8 responses to “Chamelaucium uncinatum ‘Purple Pride’”

  1. Anne

    Ha! One problem with the cut-flower industry is the lack of use of botanical names for much of the product. I use this flower almost every day when it is in season and never knew it’s binomial.

  2. Andrea Gaynor

    Lovely to see another of our gorgeous widlflowers featured on BPOTD. Here in Perth Geraldton wax is a popular garden plant and is planted all along the main north-south highway through the city, making the drive quite something in spring!

  3. Nadia

    Excellent photo & article.

  4. arlee

    A lovely specimen and colour. Alas, usually by the time that these get to the flower shop where i am in Canada, most are dried out, dropped flowers, and desperate, so it’s nice to see it in full glory.
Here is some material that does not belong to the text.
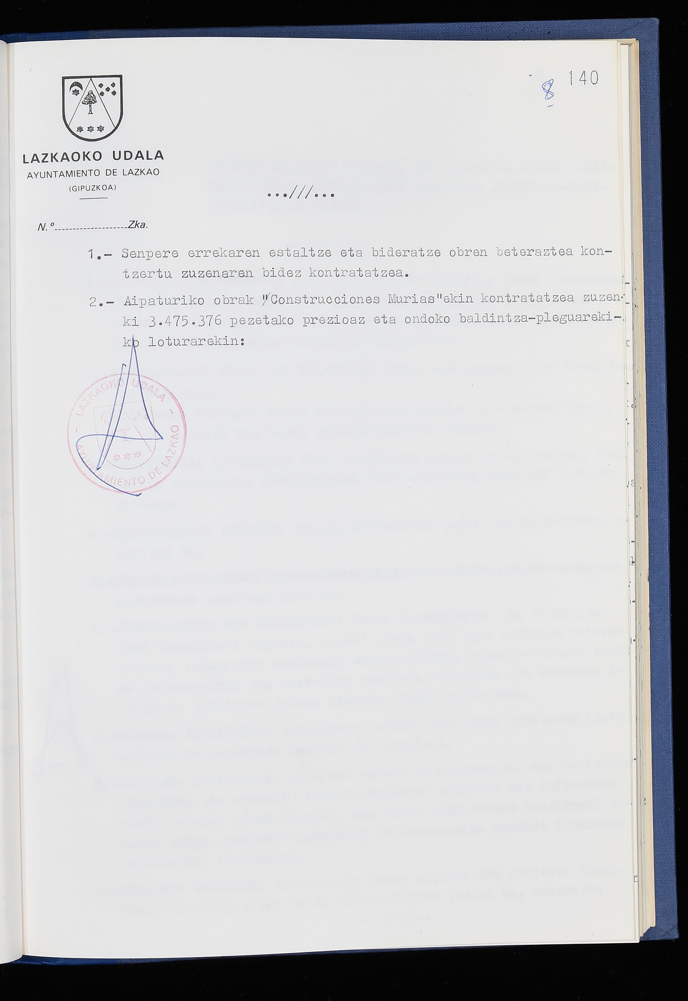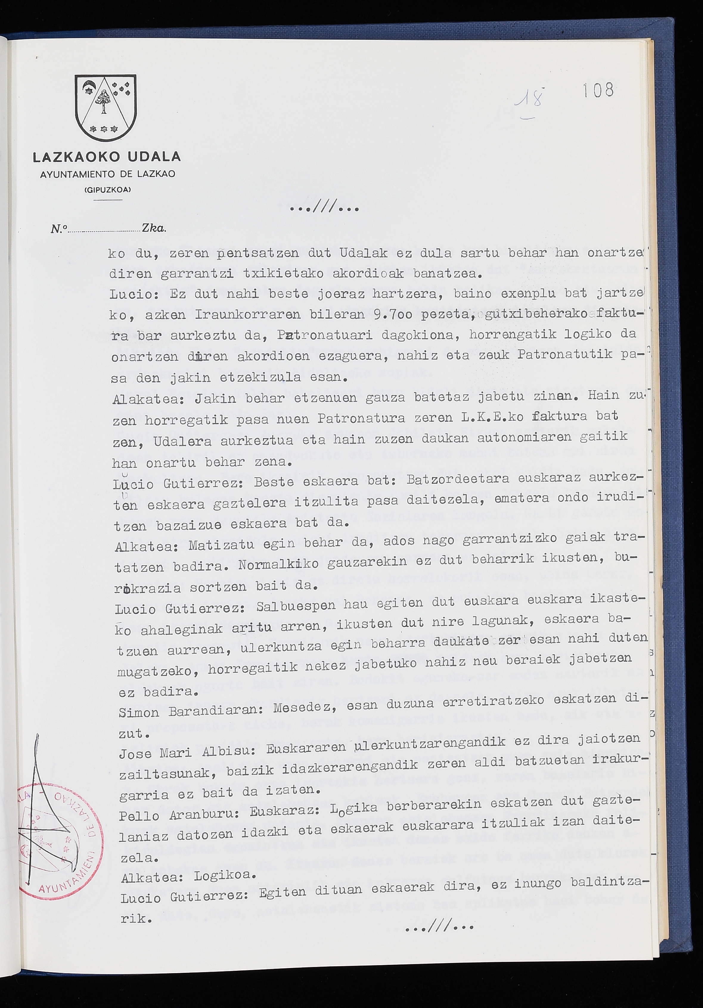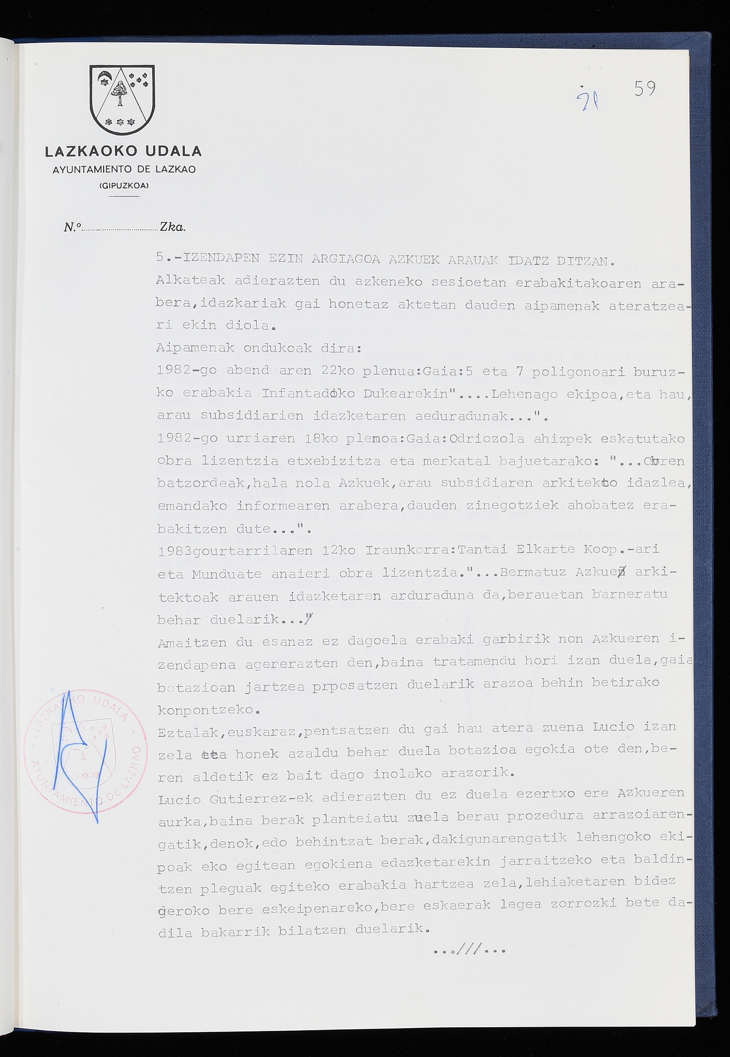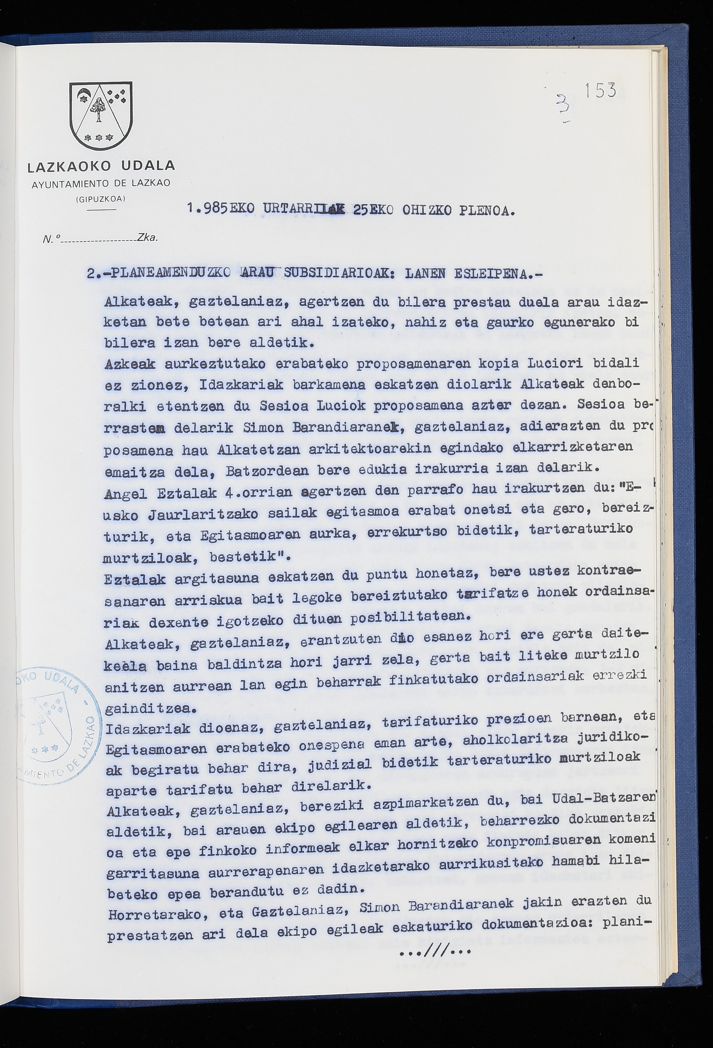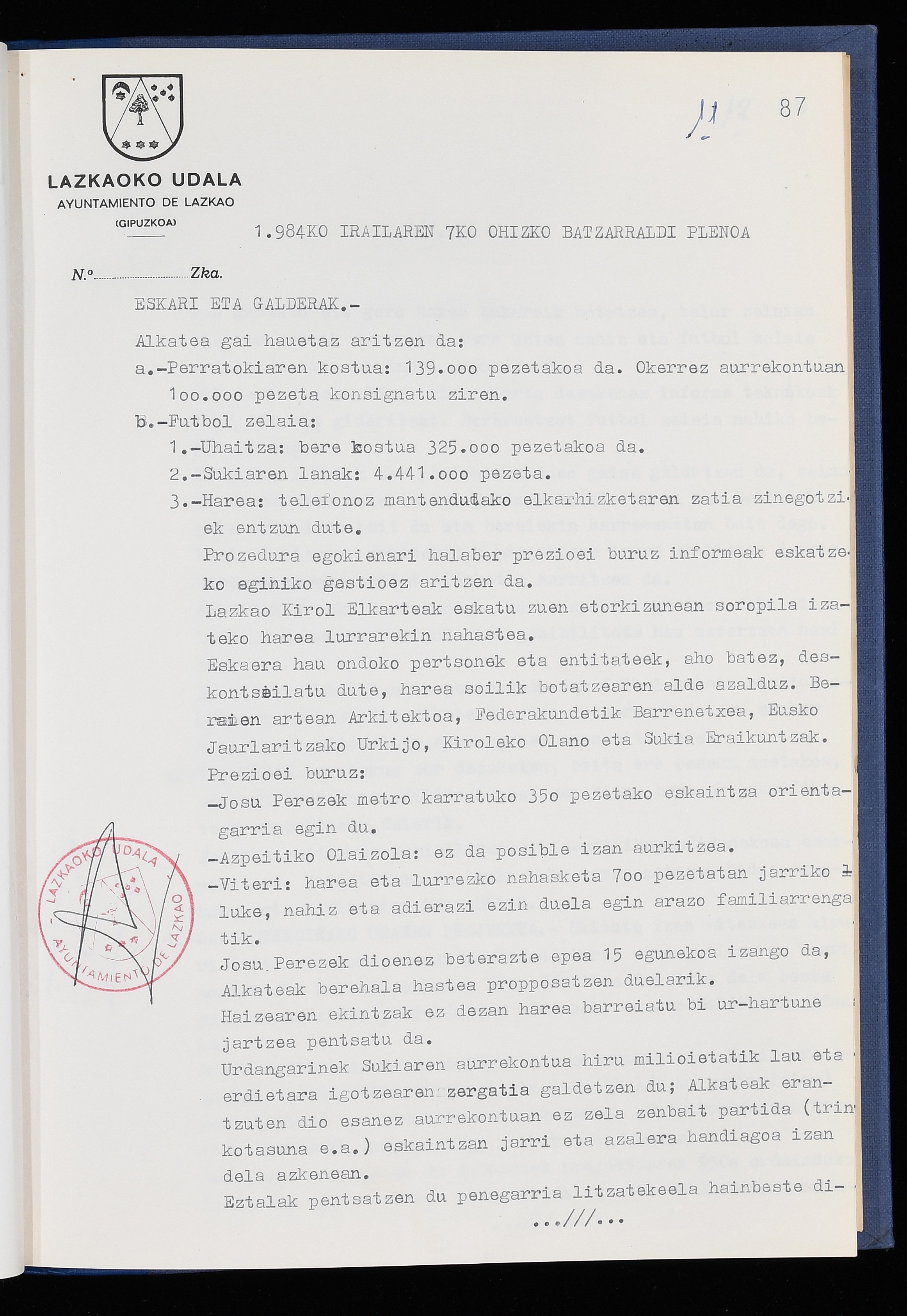 Log in to post commentsEdukiakSailkapenaFuntsaLazkaoko Udal ArtxiboaAtalakUdal AktakSailkapena1.1.4. Osoko Bilkuraren akta liburuakSailkapen berriaOsoko Bilkurako akta liburuakMultimediaIrudiakIdentifikazioaSignaturaakta liburua I-036Hasiera1984-06-01Amaiera1985-06-28AutoritateakTokiaLazkaoLog in to post commentsAkta eratu

    I’m with Anne there too on the Latin—most wholesalers and garden centres don’t know the names anymore. Very sad.

  5. Roberta

    looks a bit like rosemary.

  6. J. Paulson

    Also noteworthy is the fragrance of the waxy leaves…a bright lemony, resinous blend

  7. Pat Collins

    I would suggest that the name Chamelaucium has nothing to do with the Greek word χαμαι which gives us the prefix chamae- or chamæ- in words like chamæleon (dwarf lion), chamaephyte (ground-hugging plants generally) and chamomile (dwarf apple). The first two species described by Desfontaines in 1819 were Chamelaucium ciliatum and Chamelaucium plumosum (now called Verticordia plumosa). Modern descriptions of these species have them as up to 1.2 metres and 1.4 metres tall, only dwarf in human terms.

    According to “A Greek-English Lexicon” by Henry George Liddell and Robert Scott (on Perseus http://www.perseus.tufts.edu/hopper/text?doc=Perseus:text:1999.04.0057 ) there is a word χαμελαία (transliterated this becomes “chamelaia”) which may mean Daphne oleoïdes or Daphne gnidium.

    I think the reason for the name is apparent from looking at the growing structures of Daphne gnidium and Chamelaucium.

    I am not sure where the ending could come from unless it is from the Ancient Greek word οὐκί – a word that appears to be able to mean both “yes, really” and “really not”. So perhaps used like Not! in Wayne’s World – “Daphne gnidium – Not!”.

    The spelling was already being “corrected” by other authors in 1823, just four years later. By this time René Louiche Desfontaines, the author of the genus Chamelaucium, was 73 years old. His senses were failing him and by 1830 he was near blind. He is said to have been delighted when he could recognise a plant by touch. He died in 1833.

    The authors of another work in 1832 wrote:
    “CHAMÆLAUCIUM (we suppose this name to be from χαιμαιλεύκη, an humble poplar ; but the application is unknown to us)”
    First, they added an extra iota after the first alpha. Second, Perseus has the word χαμαιλεύκη (literally dwarf-white or dwarf-“white poplar”) meaning either coltsfoot or ground-ivy. The coltsfoot, Tussilago farfara, has distinctive leaves with white-flocked undersides but plain green on the topside just like the leaves of the white poplar, Populus alba.

    1. Pat Collins

      Having consulted with my pillow I have another suggestion for the ending of Chamaelaucium.

      The Ancient Greek γλαύξ/γλαυκός (glaux/glaukos) meaning little owl and blue/green/grey gives us γλαύκιον (glaukion), the juice of the horned poppy which when latinised gives us the modern genus that contains the horned poppy, Glaucium. We also get the English word glaucous meaning “of a blue/green/grey colour” from the same root.

      The Ancient Greeks had a Goddess of Growth Αὐξώ (Auxo) or Αὐξησία (Auxesia) from the verb αὐξάνω, (auxano) to grow, increase, prosper giving αὔξι (auxi, prosper!) and the modern words auxin and auction. In Latin this was usually auct-.

      So, Chamelaucium would be “grows like a Daphne gnidium”.

      While this is still a bit odd I think it is better than assuming Desfontaines meant χαμαιλεύκη (chamaeleuke) with two spelling errors and a dodgy ending. The biography I linked above stated that, though his senses were failing at the end, his mental faculties were as sharp as ever. Obviously meanings of names in taxonomy can be really wacky but even so the more appropriate meaning is suggestive.